» **WHAT YOU SHOULD DO**
In the data below, set down exactly the lines from the one containing "A fresh take" up to and including the one containing "只見活動開始,調(diào)". Leave the pictures out.

» **AVAILABLE RECORDS**
--*--
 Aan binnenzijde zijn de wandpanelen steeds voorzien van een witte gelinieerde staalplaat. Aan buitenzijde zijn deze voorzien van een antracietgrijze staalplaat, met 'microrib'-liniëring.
--*--
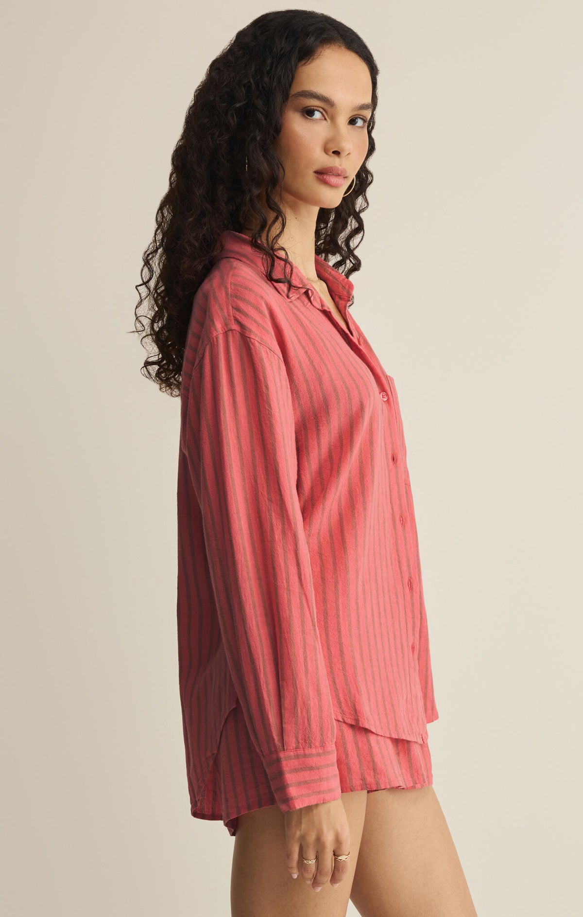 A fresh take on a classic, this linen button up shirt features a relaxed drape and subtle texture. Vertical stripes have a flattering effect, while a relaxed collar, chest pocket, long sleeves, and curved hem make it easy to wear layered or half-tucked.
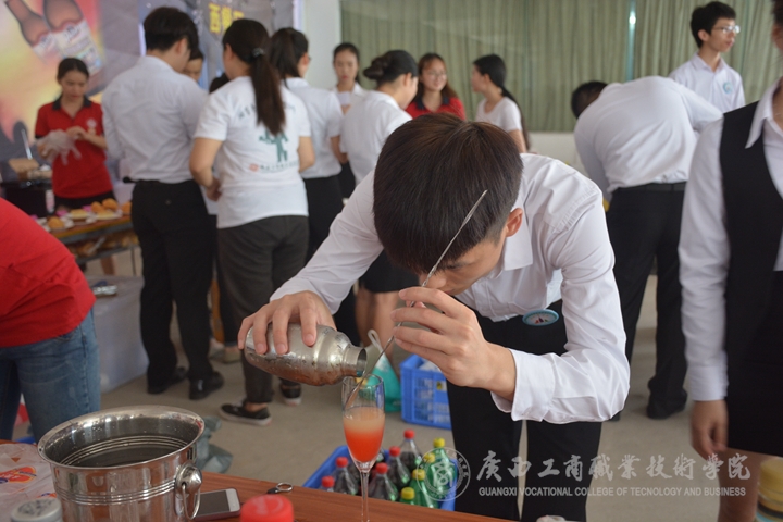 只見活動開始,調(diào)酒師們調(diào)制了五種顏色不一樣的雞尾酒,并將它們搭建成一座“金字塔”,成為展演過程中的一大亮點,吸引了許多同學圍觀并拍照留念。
--*--
» **RESPONSE BELOW**
 A fresh take on a classic, this linen button up shirt features a relaxed drape and subtle texture. Vertical stripes have a flattering effect, while a relaxed collar, chest pocket, long sleeves, and curved hem make it easy to wear layered or half-tucked.
 只見活動開始,調(diào)酒師們調(diào)制了五種顏色不一樣的雞尾酒,并將它們搭建成一座“金字塔”,成為展演過程中的一大亮點,吸引了許多同學圍觀并拍照留念。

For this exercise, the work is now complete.